FRESH
YARN presents:
Carney,
A Love Story
By Bill Krebs
"Did
you know the Carnival Ride Operator was the inventor of the toothbrush?"
my uncle once deadpanned. "If it were invented by anyone else, it
would've been called the TEETHbrush!" Everyone at my grandmother's
funeral struggled with recent sips of coffee as the laughter took hold.
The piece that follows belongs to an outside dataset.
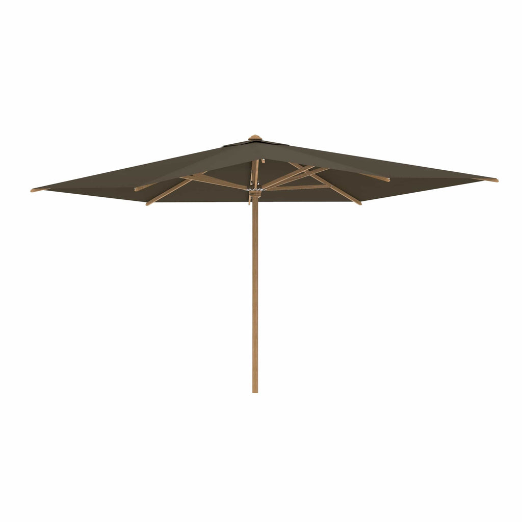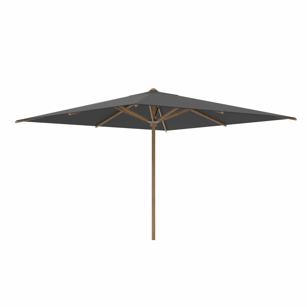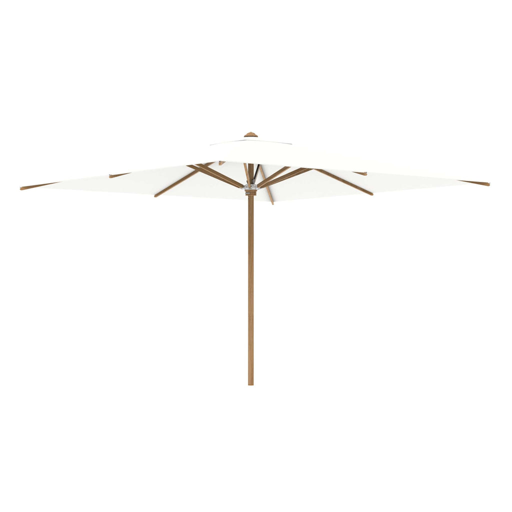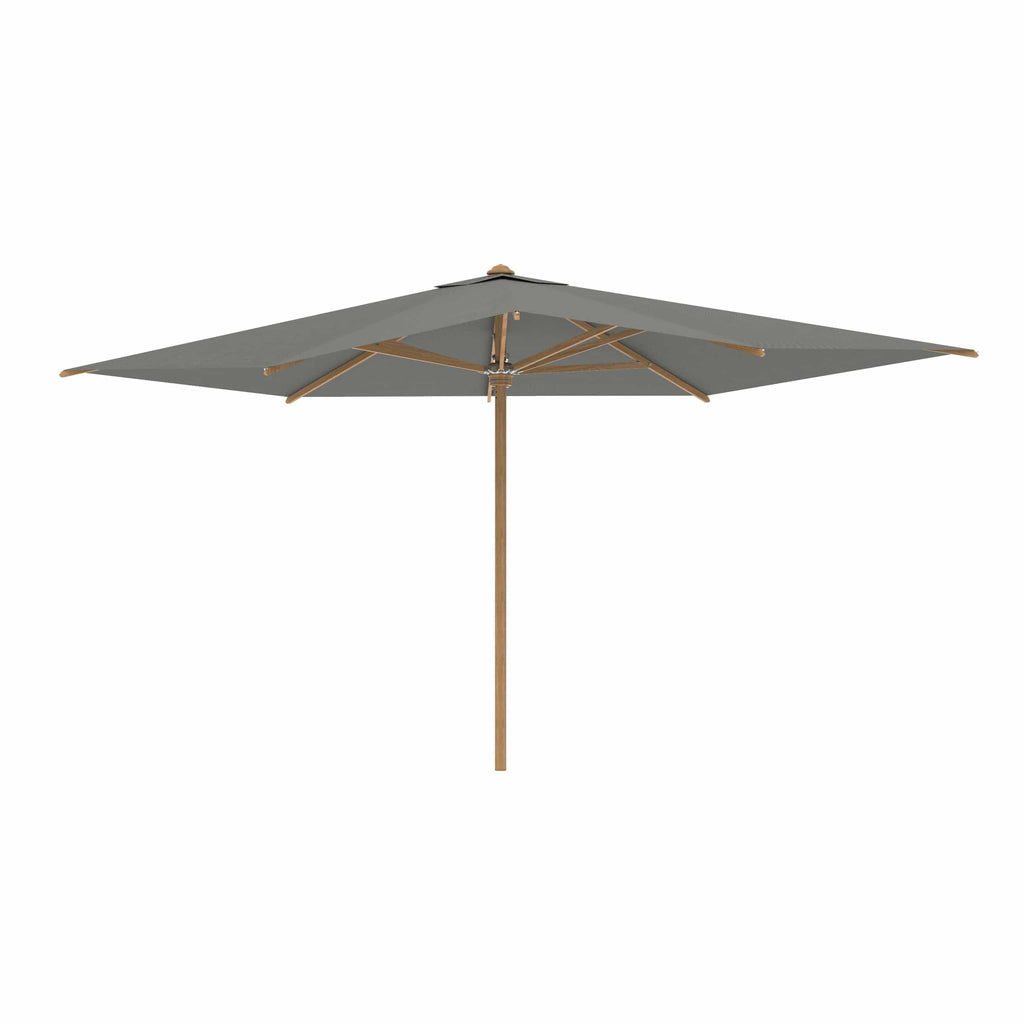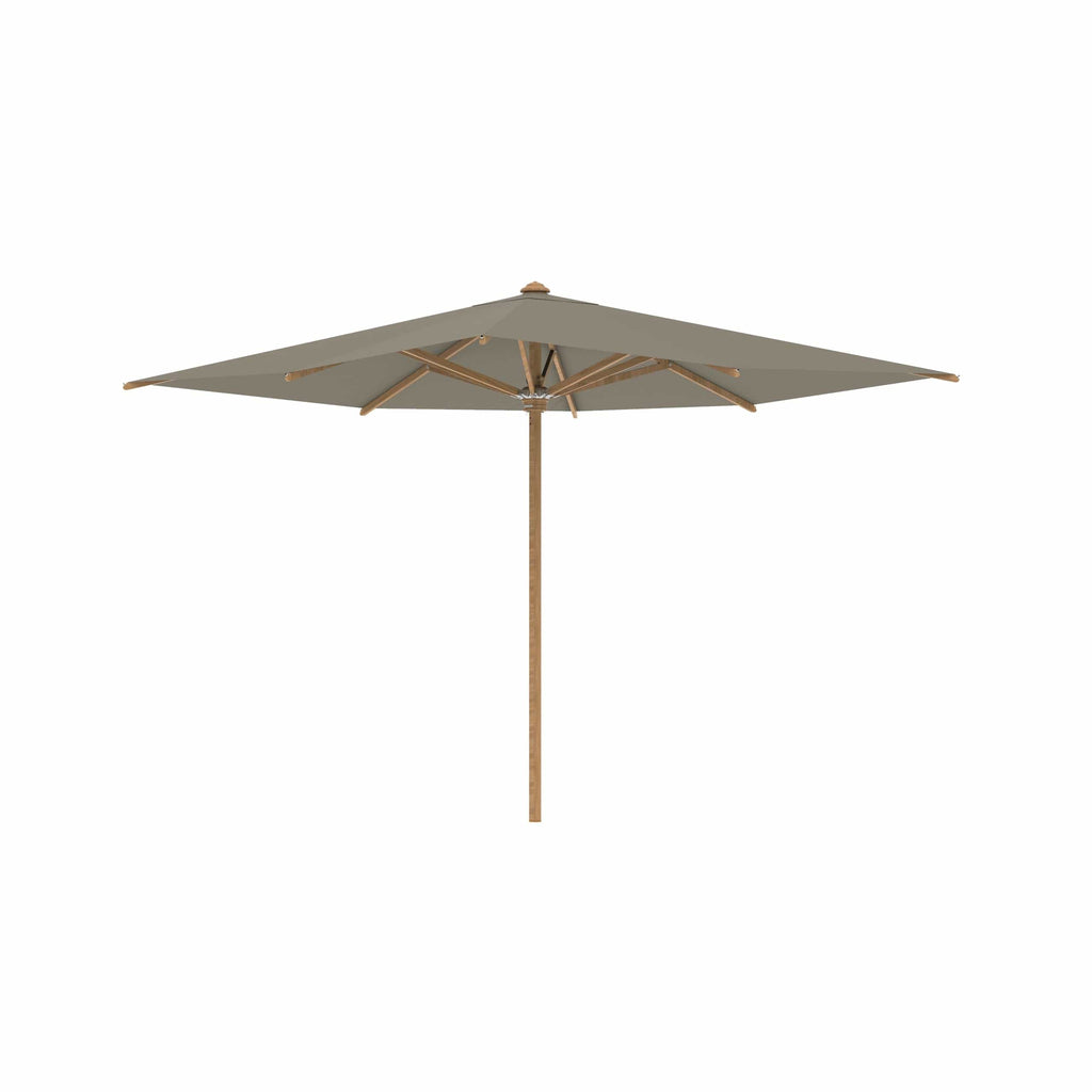 Royal Botania parasol van de Shady-collectie, ontworpen door Kris van Puyvelde. De parasolstok en de baleinen zijn gemaakt van teakhout. Het parasoldoek is gemaakt van het stevig en weerbestendig acryl en verkrijgbaar in diverse kleuren.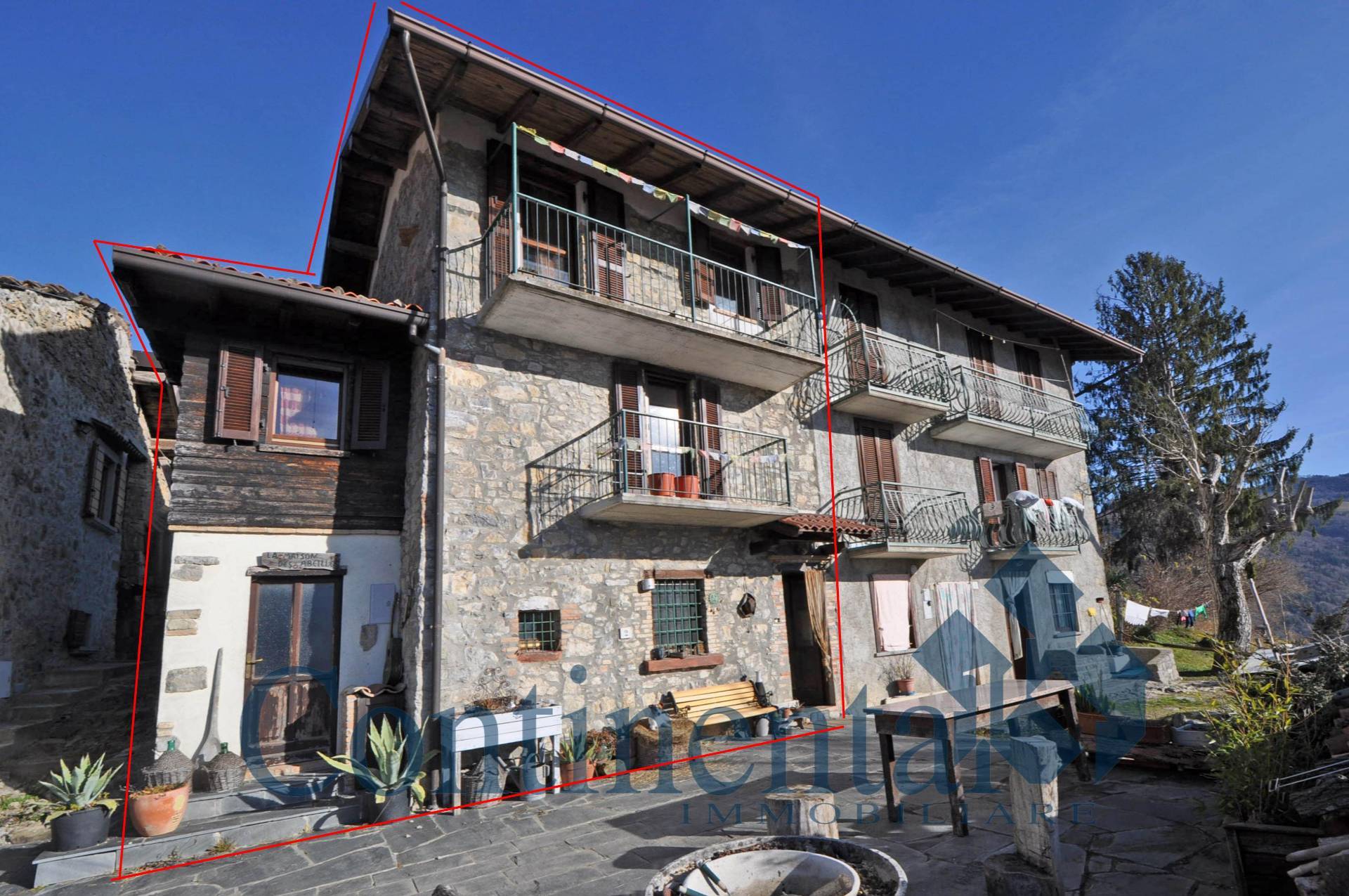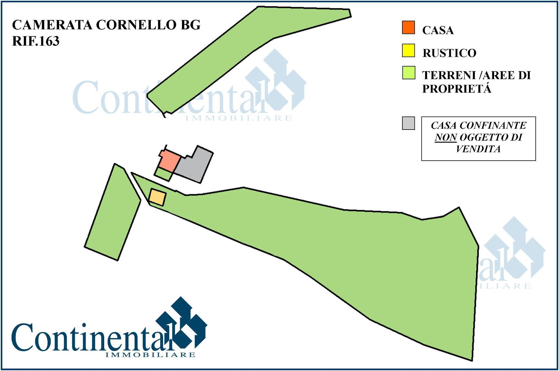 A Camerata Cornello Bergamo, località Garzani Di Sotto. Proprietà immobiliare costituita da una porzione di casa su tre livelli ed un rustico. La casa, che dista circa 30 metri dalla strada carrale viene venduta completamente arredata. Così composta: ingresso indipendente che da accesso alla cucina a piano terra dalla quale parte la scala privata che conduce al piano primo che ospita: un disimpegno, una camera da letto con balcone, bagno. A piano secondo, spaziosa camera da letto con soffitto in legno a vista e balcone panoramico. Riscaldamento garantito da stufe a pellet. A completare la proprietà: ripostiglio con accesso dall'esterno, corte terrazzata e rustico indipendente su due livelli di circa 35 mq censito deposito ed annessi 3.300 metri quadri di terreno agricolo.

My delayed reaction intimated a need for clarification. Did the punchline
arrive with the obvious jab at toothless mutants, or did the laughs begin
at the formal title, "Carnival Ride Operator," merely an implication
that prerequisite training and licensing had been fulfilled? Clearly,
nobody present ever bothered to listen to the fulfilled heart of our family's
matriarch. Now she permanently rests within earshot, silenced, leaving
me to contemplate the prospect of divine resurrection and how opportune
it would be to give Grandma a final chance to defend her mustachioed veterans
of amusement. "They're much more than simple ride technicians,"
she'd admirably gasp. In fact, if my grandmother's motionless mouth had
a second life, she'd set the record straight, "They're Carnies!"
Long before mindless followers trailed the likes of The Grateful Dead,
Phish, and Oprah, my grandma fashioned herself as one of the original
Carney groupies. Enchanted by years of touring the countryside in search
of regional fairs, Carney groupies, like my grandmother, relished the
seductive lure of the transient carnival worker. The attraction went far
beyond infatuation; it was a paralyzing addiction, threatening marital
bliss coast-to-coast. My grandfather christened the devastating affliction
"Disneyland Penis." Being a husband, my grandma claimed he could
never fully understand.
Part gypsy, salesman, philosopher, pedophile, and entertainer, The Carney,
I'm told, is a recessive hybrid, standing evidence that even Darwin probably
fudged a few calculations. The stereotype is often misunderstood, dismissing
The Carney as a walking hair-do, spitting vulgarities at town girls while
rolling packs of Winstons in thrift store shirtsleeves. That profile,
although technically accurate, only sugar coats the personality. "It's
all show" my grandmother often lamented, stroking the tattooed outline
of frolicking Carousel Horses, penned by the weathered hands of a nearly
forgotten Tilt-a-Whirl operator. "Sure they'd get in your pants with
the sweet talkin', but get their minds off the rides and they'd slip up,
talkin' about book smarts this, book smarts that." My grandma often
carried on for hours about the nebbish, cerebral alter ego sleeping slightly
beneath the sun-stained skin of virtually every person capable of piecing
a Ferris Wheel together.
I could almost feel her glow as she recalled the first time she indulged
herself in the men of the road. "The academic side came out in fits,
like a case of shingles. But, once they'd drop their guard spouting off
about Algebra this, Astrology that, or here's the latest lost Mayan language,
it made cheatin' on your grandpa like eatin' cotton candy." In our
family tree, this branch grew from what we now know as The Birth of Grandma's
Sexual Odyssey. No matter how many times she told the story, tears inevitably
took hold as she whispered those first lyrical words heard decades ago.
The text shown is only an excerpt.